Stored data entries

==================================================

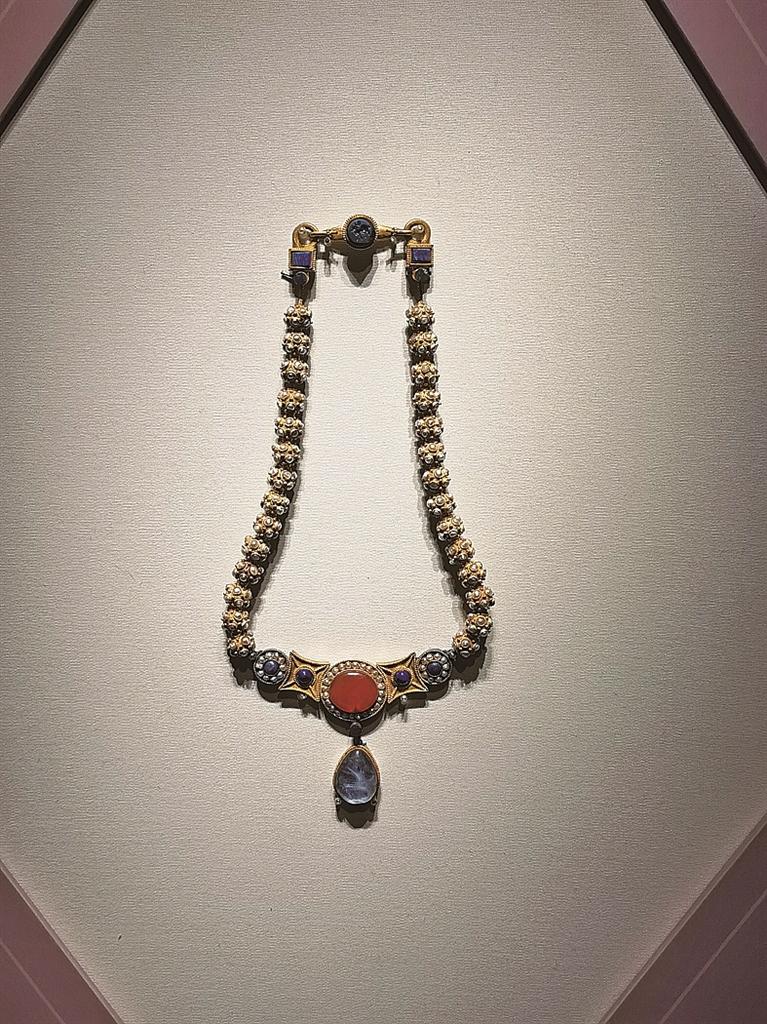 一条俗称为“李静训项链”的嵌珍珠宝石金项链,出土时位于李静训颈部。它由28个金质球形饰组成,球形上各嵌有10颗珍珠。金球分左右两组,每组14个,各球之间由多股金丝编织的链索连接。灯光下,鲜红的鸡血石、宝蓝的青金石交相辉映,再配以洁白的珍珠,在纯金的烘托下,鲜艳夺目,雍容华贵,堪称艺术精品。
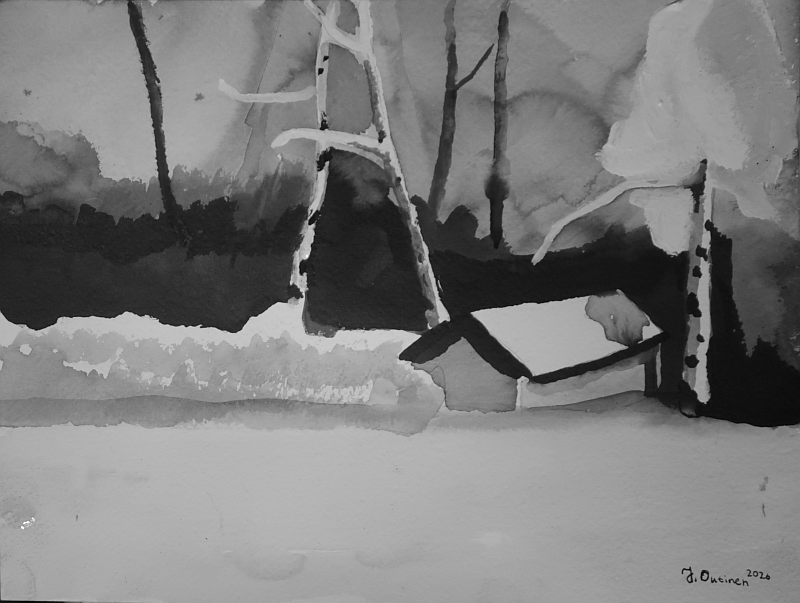 Kuvaus: maalattu musteella ja guassilla 300g 30,5X23cm akvarellipaperille, ei kehystä; postik. sis. hintaan
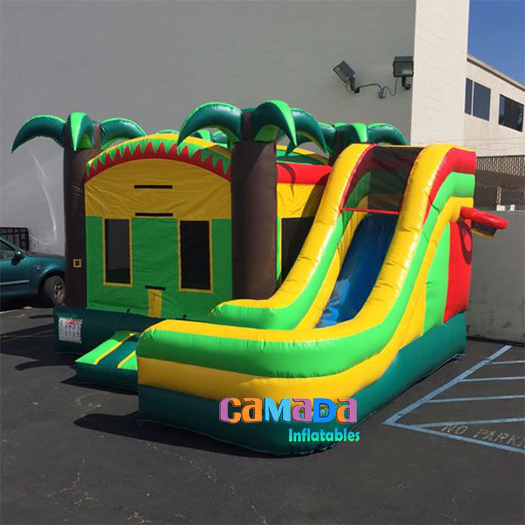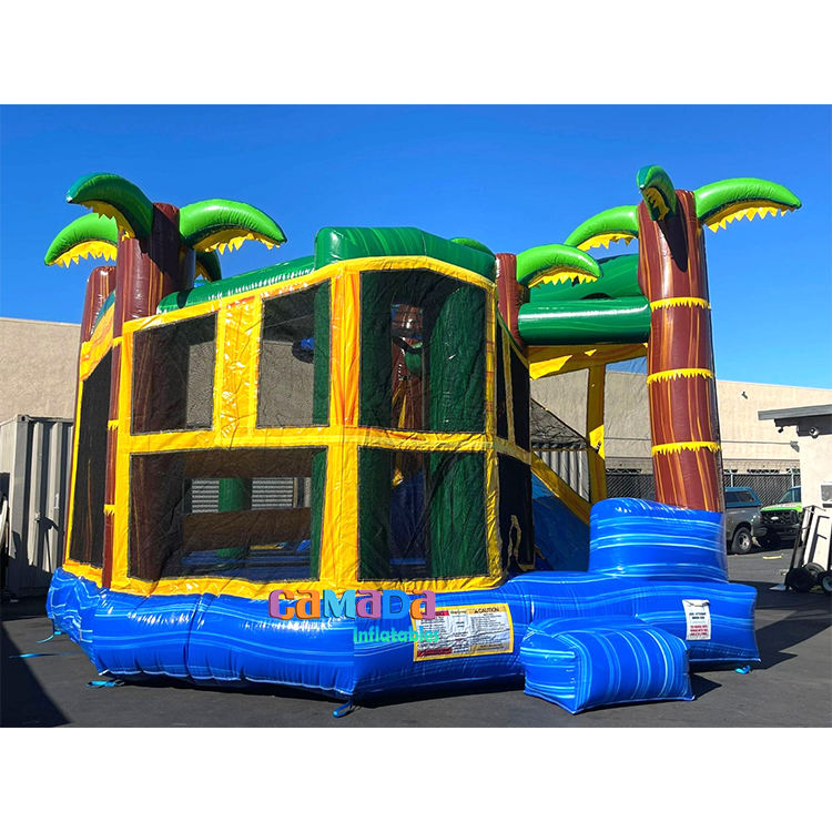 จัมเปอร์สวนหลังบ้านสำหรับเด็กแบบเป่าลมรูปต้นปาล์มแบบเขตร้อน
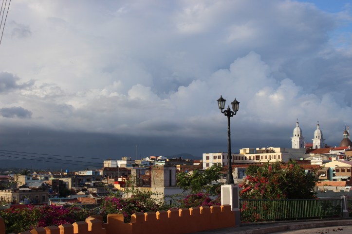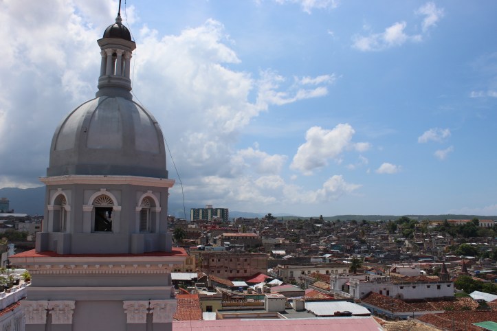 We had lunch at one of our safe places as we were becoming so picky with the limited options, the rooftop of the Casa Grande hotel. The building sits adjacent to the cathedral in the Parque Cespedes, one of the elder buildings in the city and the view takes in the whole port and the busy happenings of the city below. Each time we walked to this square we would pass a barbers shop where the old barbers at on the step with his scissors. Each time without fail he would offer me a haircut and snip his scissors together which never failed to raise a laugh.
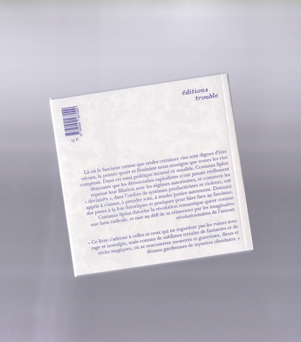 Là où le fascisme estime que seules certaines vies sont dignes d’être vécues, la pensée queer et féministe nous enseigne que toutes les vies comptent. Dans cet essai politique incarné et sensible, Constant Spina démontre que les démocraties capitalistes n’ont jamais réellement repensé leur filiation avec les régimes autoritaires, et comment les « déviant·es » dans l’ombre de systèmes productivistes et violents ont appris à s’aimer, à prendre soin, à rendre justice autrement. Donnant des pistes à la fois théoriques et pratiques pour faire face au fascisme, Constant Spina théorise la révolution romantique queer comme une lutte radicale, et met au défi de se réinventer par les imaginaires révolutionnaires de l’amour.

==================================================

Only the lines from the beginning of the records through the line bearing "จัมเปอร์สวนหลั" belong in the answer, copied word for word with pictures left out.

EXPECTED ANSWER >>
 一条俗称为“李静训项链”的嵌珍珠宝石金项链,出土时位于李静训颈部。它由28个金质球形饰组成,球形上各嵌有10颗珍珠。金球分左右两组,每组14个,各球之间由多股金丝编织的链索连接。灯光下,鲜红的鸡血石、宝蓝的青金石交相辉映,再配以洁白的珍珠,在纯金的烘托下,鲜艳夺目,雍容华贵,堪称艺术精品。
 Kuvaus: maalattu musteella ja guassilla 300g 30,5X23cm akvarellipaperille, ei kehystä; postik. sis. hintaan
 จัมเปอร์สวนหลังบ้านสำหรับเด็กแบบเป่าลมรูปต้นปาล์มแบบเขตร้อน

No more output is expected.